A conservation officer is a law enforcement officer who protects wildlife and the environment. A conservation officer may also be referred to as an environmental technician/technologist, game warden, park ranger, forest watcher, forest guard, forest warden, forester, gamekeeper, investigator, wilderness officer, wildlife officer, or wildlife trooper.

== History ==
Conservation officers can be traced back to the Middle Ages (see gamekeeper). Conservation law enforcement goes back to King Canute who enacted a forest law that made unauthorized hunting punishable by death. In 1861, Archdeacon Charles Thorp arranged purchase of some of the Farne Islands off the north-east coast of England and employment of a warden to protect threatened seabird species. The modern history of the office is linked to that of the conservation movement and has varied greatly across the world.

=== History in New York State ===
Conservation officers in New York State are known as "environmental conservation officers", or ECOs. The position was created in the late nineteenth century. Originally, they were known as "game protectors". The first game protectors recorded comprised a group of eight men authorized to arrest anyone who killed wildlife on protected land. Their job was to protect game and catch poachers. They also chose to protect streams from pollution. In 1960, their title was changed to "conservation officers", then in 1970, they were renamed "environmental conservation officers", after the Conservation Department and the State Health Department merged to become the "Department of Environmental Conservation". At the same time, the role's status was changed, giving ECOs more legal power than they had previously had.

== Education ==
Conservation officers generally have a degree in areas specific to criminal justice, fish and wildlife management, recreation management, wildlife resources, or a science major related to these. Most start out their careers as a trainee under the supervision of an experienced conservation officer. After graduation and completion of the trainee program, many go on to law enforcement training to become a peace officer. In America, conservation officers must also take and pass the state civil service exam for ECOs.
The Western Conservation Law Enforcement Academy is the academy that all Officers employed in western Canada including Yukon, British Columbia, Alberta, Saskatchewan and Manitoba must graduate from in order to be appointed as Officers in their respective jurisdictions. The program is 6 months long with about 2 of those months spent as on-the-job training with a direct supervisor. Training includes dress and deportment, investigations, firearm handling, use of force, swiftwater rescue, off-road vehicle use, search warrant application and execution and much more.

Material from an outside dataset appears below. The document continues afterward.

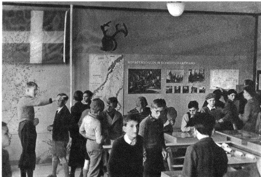
Blick in die Ausstellung. Links die Finnische Fahne.
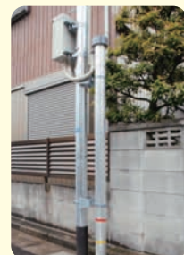
Indicador de Inundação

*Poderá verificar os locais de instalação através das "Explicações sobre o Serviço" no momento do cadastro.

==Recognizing the wardens' roles==
As noted at the North American Game Warden Museum, confronting armed poachers in rural and even remote locations can be lonely, dangerous and even fatal work for game wardens. Recognition of the ultimate sacrifice of these officers at this museum is considered to be important, concomitant to recognition at the National Law Enforcement Officers Memorial.

Officers are exposed to other risks beyond being killed by hunters, trappers and armed fishermen. Motor vehicle, boating, snowmobile and airplane accidents, animal attacks, drowning, and hypothermia are other risk they face while on duty.

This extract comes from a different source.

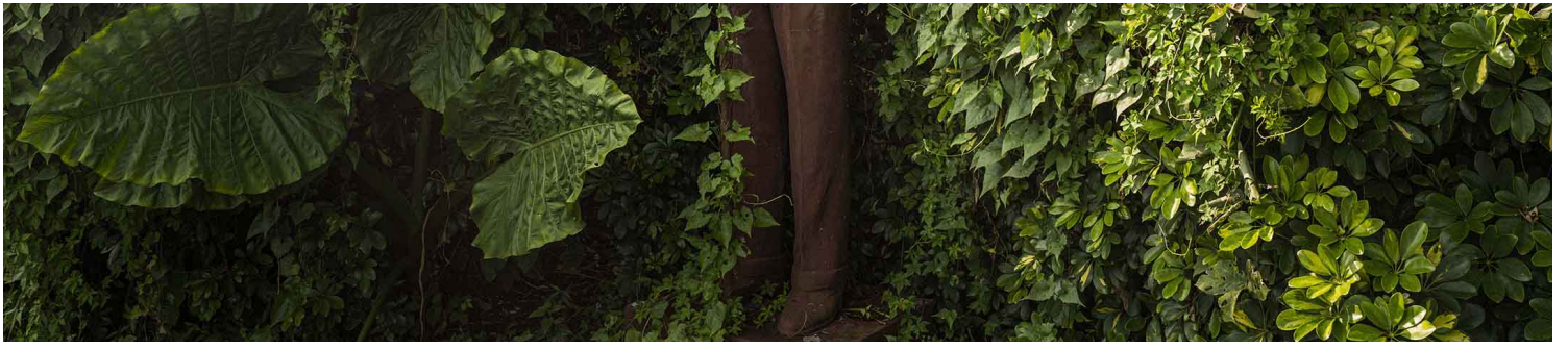
2021年9月19日桃园慈湖，一尊蒋介石像被山上的植物包围，转型正义在台湾实行，不少蒋介石像遭移走，一部分安置在慈湖的公园。

In North America game wardens are typically employees of state or provincial governments. 26 of the 50 U.S. states have government departments entitled Department of Natural Resources or a similar title. These departments typically patrol state or provincial parks and public lands and waterways dedicated to hunting and fishing, and also enforce state or provincial game and environmental laws on private property. In some states such as Maryland, Massachusetts, and Connecticut, conservation officers serve in the role of marine law enforcement as well, responsible for the enforcement of local, state, and federal boating laws along with search and rescue and homeland security.

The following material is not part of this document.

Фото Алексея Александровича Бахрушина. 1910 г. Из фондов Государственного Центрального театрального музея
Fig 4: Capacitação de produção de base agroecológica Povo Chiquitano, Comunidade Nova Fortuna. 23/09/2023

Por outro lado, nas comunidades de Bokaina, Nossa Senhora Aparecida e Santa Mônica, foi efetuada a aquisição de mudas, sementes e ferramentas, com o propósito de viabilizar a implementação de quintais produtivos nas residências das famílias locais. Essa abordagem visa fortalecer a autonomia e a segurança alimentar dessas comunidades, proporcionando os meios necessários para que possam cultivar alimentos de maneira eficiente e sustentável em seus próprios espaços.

Game wardens/conservation officers are front and center in keeping out (or in check) invasive species.

In an increasingly interconnected and globalized world, their concerns are much more comprehensive than local enforcement. While conservation officers enforce wildlife, hunting, and game laws, they have transitioned to aiding other law enforcement agencies with drug enforcement, serving warrants, and at times provide effort to homeland security. They also enforce broader conservation laws, such as the Endangered Species Act, the Migratory Bird Treaty Act of 1918 and similar laws/treaties. or the Wild Animal and Plant Protection and Regulation of International and Interprovincial Trade Act (in Canada) which implements the Convention on the International Trade in Endangered Species of Wild Flora and Fauna As necessary, they will work in tandem with appropriate national or federal agencies, such as the U.S. Fish and Wildlife Service or Environment Canada.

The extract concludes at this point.